The tax cuts are aimed at increasing the personal spending of the country to avoid an increment of VAT proposed by previous Governments.

 

Brexit has terrified ‘Brussels bubble’ – German insider

German Political Journalist Tanit Koch

The EU elite “lost faith in their own appeal and abilities” following the Brexit referendum vote and the surge in support for nationalist parties. The knee jerk response of the Brussels bubble was to try (and fail) to punish Britain for defing Brussels in the same way as they had punished small nations like Greece, Portugal and Ireland, which in their perception was the only way to prevent the EU breaking apart.

Top bureaucrats in Brussels are terrified at the prospect of the European Union breaking apart, according to a European expert. The fragility of the EU bloc since the financial crisis of 2008 is behind the punishment tactics and intransigence of negogiator Michel Barnier and other EU leaders.

Tanit Koch, now of the Transatlantic Commission on Election Integrity” (TCEI) who previously worked as editor of German magazine Bild, said that the Brexit referendum result shocked the Brussels leadership, who did not have a clue how to respond. Her comments come less than two weeks before the major EU summit this month, at which the direction of Brexit and the future of the EU could be decided.

Koch told BBC’s The World This Weekend: “In the last two years, within Europe, especially within the Brussels bubble, they have lost faith in their own appeals and their own abilities.

“They are desperate for the European Union not to implode or break apart.

“It is not so much about punishing Britain as many in this country suggest.

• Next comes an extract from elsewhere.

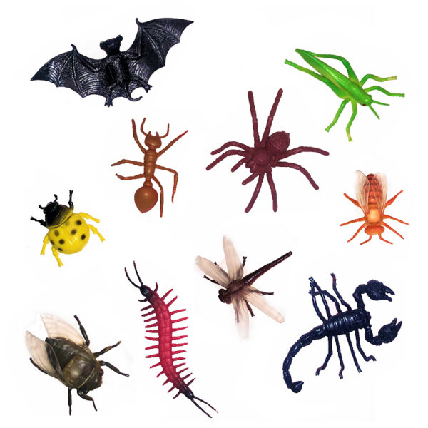 These toy insects are great for playtime or crafts. Add them to terrariums, shadow boxes, science projects, and more. Assortment includes colorful insects and one predatory bat to keep them in line.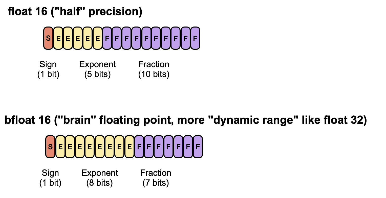 Bfloat16 (brain float 16) is also a 16-bit format but trades off some of float16’s precision for a larger exponent, allowing it to represent very large and very small numbers more effectively. As a result, bfloat16 can help avoid numeric overflow or underflow in deep learning applications, although its lower precision can still lead to rounding errors

“It is an honest fear that if a precedent is set, that someone who leaves gets a better deal, others will follow suit.”

Koch also revealed the extent to which EU federalisation dogma has taken hold among the top rank in the business world across Europe. She spoke of a recent meeting between German Chancellor Angela Merkel and prominent German business leaders on Brexit. When Mrs Merkel insisted that the sngle market would not be compromised, raising the prospect of a no deal, the business leaders cheered.

She claimed that support of the “EU’s holy grail” meant more to the German CEOs than the huge expected hit to their businesses. The Daily Stirrer finds this a little far fetched as we know from our own sources that many German firms have lobbied for Merkel to support a reasonable deal for Britain.

Despite the apparent deadlock in recent months, a change of tone has emerged in the last week among EU leaders, after long months of them insisting none of their conditions was negotiable. Yesterday, European Council President Donald Tusk said he was confident that the EU and UK would secure a deal by the end of the year.